Anyways, @Tatanka , and whoever else is having sleeping problems, i hope you find what works for you. Glad you’ve quit drinking and have been proactive in doing right by yourself, dude. Oh yeah, also chemical imbalances. Yep, that’ll do it. And also im glad your dog is there for you and that you find solace in him, lucky to both have eachother. 
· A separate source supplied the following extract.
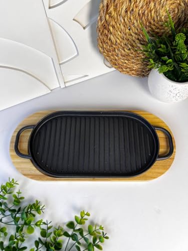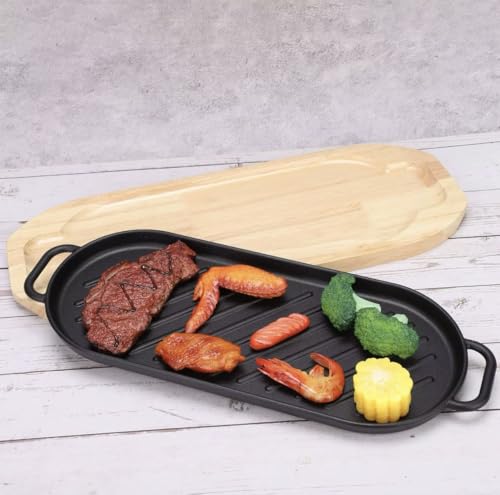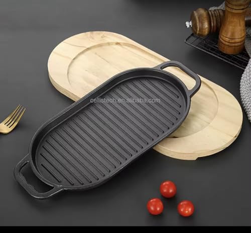 - قاعدة خشبية طبيعية للحماية والتقديم: يأتي مع الطاسة كوستر خشبي متين ومصقول بعناية، يعمل كعازل حراري ممتاز يحمي طاولات السفرة والأسطح الحساسة من حرارة الحديد المرتفعة، مما يجعله طقماً مثالياً لتقديم الوجبات الساخنة "تتش" بأسلوب المطاعم الفاخرة.
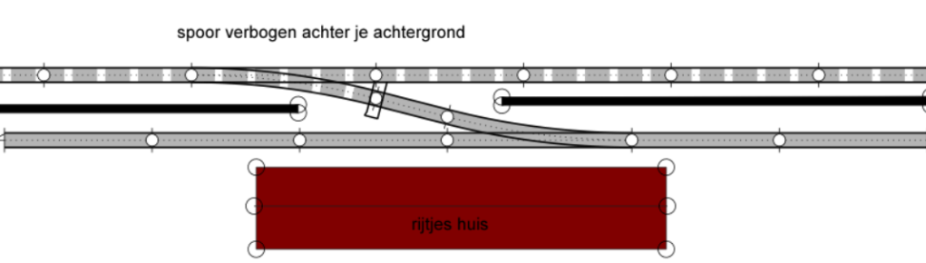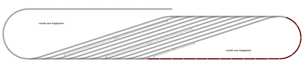 Toelichting: Velen van ons vinden dit misschien nog wel het leukste van de hobby. Simpelweg spelen met de trein, alleen we noemen het rangeren. Om een beetje leuk te kunnen rangeren, heb je tenminste een paar kopspoortjes nodig en eventueel nog een omloopspoor.

Let me know if you find the answers out there.:: im open to trying stuff as im also looking solutions.


----------



## caffine addict (May 13, 2018)

I got Insomnia too, had it for several years. It sometimes triggers and I would always know when I have insomnia because of my heart beat.


----------



## Deleted member 125 (May 14, 2018)

everyone else covered what i was gonna say that its most likely related to the partying. i havnt had good luck with natural sleep stuff like melatonin the only thing that seems to help is exercise. ive found that if im really physically exhausted my brain will calm down a bit and i can sleep more then 2 or 3 hours at a time. also eating poorly can make anxiety/depression symptoms worse, which i think is kinda strange since when im not feeling to hot all i wanna do is eat shit fast food but in reality its best to stay away from that kinda thing.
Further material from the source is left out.